— — —   DER SCHNITT IST OFFLINE   — — —

Im Alter von Ellen

D/F 2010. R,B: Pia Marais. B: Horst Markgraf. K: Hélène Louvart. S: Mona Bräuer. M: Horst Markgraf. P: Pandora Filmproduk- tions GmbH. D: Jeanne Balibar, Stefan Stern, Georg Friedrich, Julia Hummer, Jasna Fritzi Bauer, Guido Renner, Markus Klauk, Francesco Russo u.a.
95 Min. RealFiction ab 20.1.11

Tierfliegerin

Von Carsten Happe Ohne den Halt bürgerlicher Normalität schlägt sich die 14jährige Stevie durch ihr ungeordnetes Leben und erfindet für ihr Umfeld eine glanzvolle Existenz als Diplomatentochter, während ihre Eltern an einem Späthippie-Konstrukt eines verantwortungsfreien Daseins festhängen. Das pubertierende Mädchen rebelliert gegen die Rebellen, sie möchte aus dem Aussteigen am liebsten aussteigen.

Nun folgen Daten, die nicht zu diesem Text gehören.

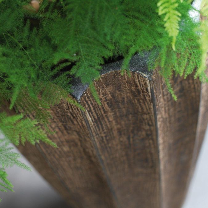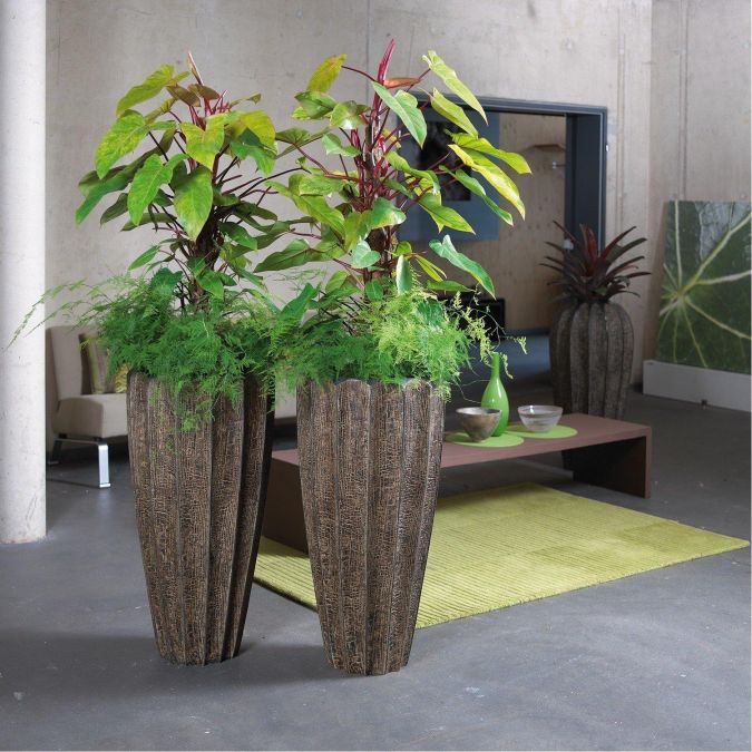 Eleganten, okrasen lonec iz skupine Fleur Ami je izdelan iz steklenih vlaken in ročno nanesenimi listi banane. Čudovita serija je optimalna za notranje prostore saj s svojo nenavadno površino pričara ambient narave. Zaradi ročne obdelave predstavlja vsak lonec unikat. Primerni so za notranje prostore.

Mit ihrem Langfilmdebüt Die Unerzogenen gelang der Regisseurin Pia Marais eine der eindrucksvollsten Gesellschaftsstudien der vergangenen Jahre, die sich sowohl im Inhalt wie auch in der Form dem Konventionellen weitgehend entzieht. Ihr zweiter Film Im Alter von Ellen setzt diese Ausrichtung thematisch wie formal fort, nur die Vorzeichen sind komplett andere. Die Flugbegleiterin Ellen steht geradezu symbolhaft fest mit beiden Beinen im Leben, die Korrektheit ihrer Uniform und die Uniformität ihrer Arbeit verströmen Sicherheit und Kontrolle. Sie ist voll und ganz eingestiegen in ein bürgerliches, geschäftliches, konventionelles Leben, aber nachdem ihr Freund sie verläßt, nachdem sie von seinem Kind mit einer Anderen erfährt, steigt sie aus. Zunächst ganz sinnbildlich aus dem wartenden Flugzeug auf der Startbahn, dann aus ihrem bisherigen Lebensentwurf. Ihre Uniform wird dabei mehr und mehr ramponiert, doch Ellen legt sie lange Zeit nicht ab – ein ambivalentes Motiv, das die Narration hübsch konterkariert.

Nach ihrem Aus- und Zusammenbruch mäandert sie schlaftrunken durch die kommenden Tage, wohnt teilnahmslos einer Swingerparty bei und landet schließlich in einer militanten Tierschützerkommune, die der enigmatischen Frau mittleren Alters ein wenig Halt oder so etwas wie Sinn zu geben scheint. Ellens Absichten, ihre Ziele oder Pläne bleiben dabei ebenso nebulös wie ihre offenbar ungünstige ärztliche Diagnose. »Du flatterst total verpeilt durch die Gegend«, wirft ihr Karl entgegen, der sich als Einziger der Aktivisten Ellen verbunden fühlt und den sie dann auch etwas unvermittelt heiratet.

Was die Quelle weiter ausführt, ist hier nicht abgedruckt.